• **About this task**:
Transcribe the whole listing below. Pictures do not go in the copy.

• **Dataset excerpt**:
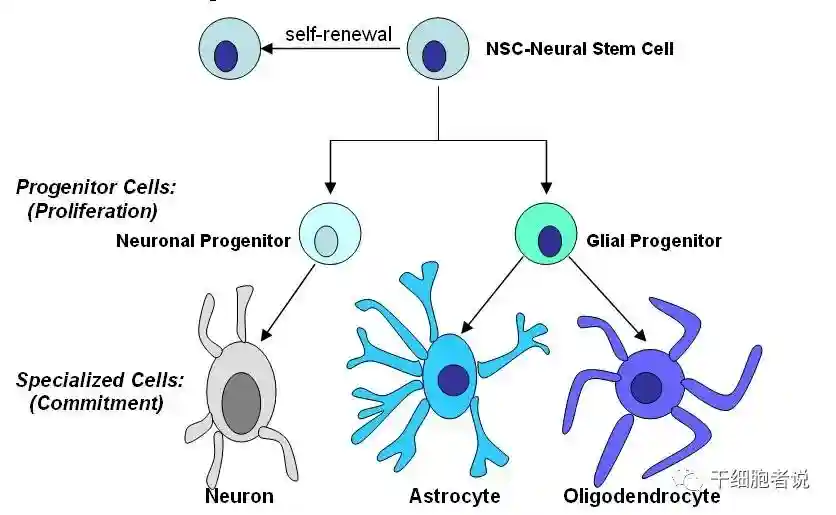 我们所讲的神经干细胞指的就是成体中存在于脑中的中枢神经干细胞,其实在外周也有一些“神经干细胞”称为“神经嵴干细胞”,可以分化成外周神经细胞、神经内分泌细胞和施旺细胞,还可横向分化成色素细胞和平滑肌细胞(这个也叫转分化)。
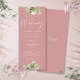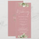 Um convite de casamento floral verde com tipografia de caligrafia elegante em um fundo rosa poeirento. Criado por Thisisnotme
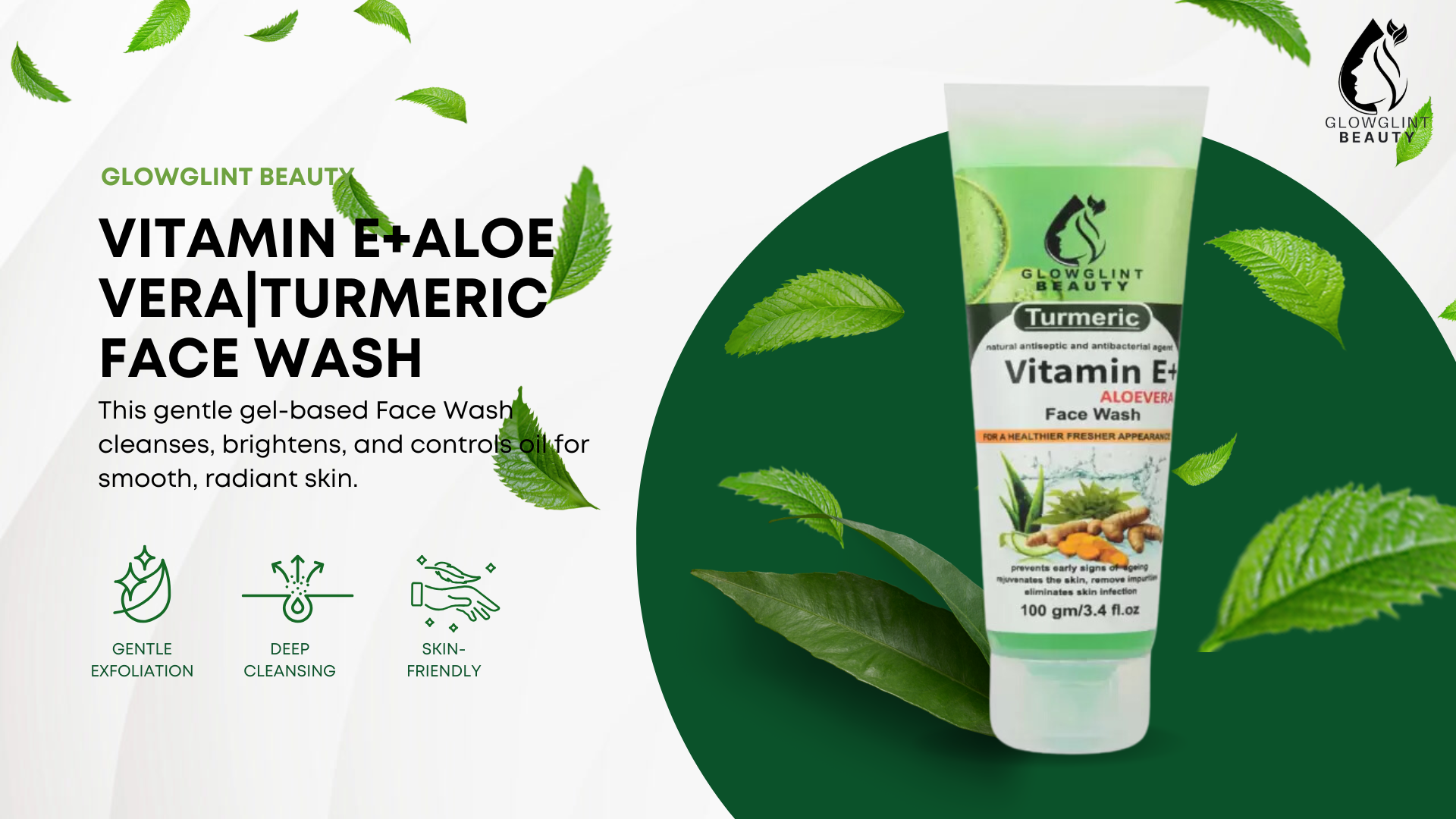 Glowglint Beauty Vitamin E + Aloe Vera + Turmeric Face Wash – Best Face Wash for Combination Skin & Tan Removal Face Wash

• **Answer space**:
 我们所讲的神经干细胞指的就是成体中存在于脑中的中枢神经干细胞,其实在外周也有一些“神经干细胞”称为“神经嵴干细胞”,可以分化成外周神经细胞、神经内分泌细胞和施旺细胞,还可横向分化成色素细胞和平滑肌细胞(这个也叫转分化)。
 Um convite de casamento floral verde com tipografia de caligrafia elegante em um fundo rosa poeirento. Criado por Thisisnotme
 Glowglint Beauty Vitamin E + Aloe Vera + Turmeric Face Wash – Best Face Wash for Combination Skin & Tan Removal Face Wash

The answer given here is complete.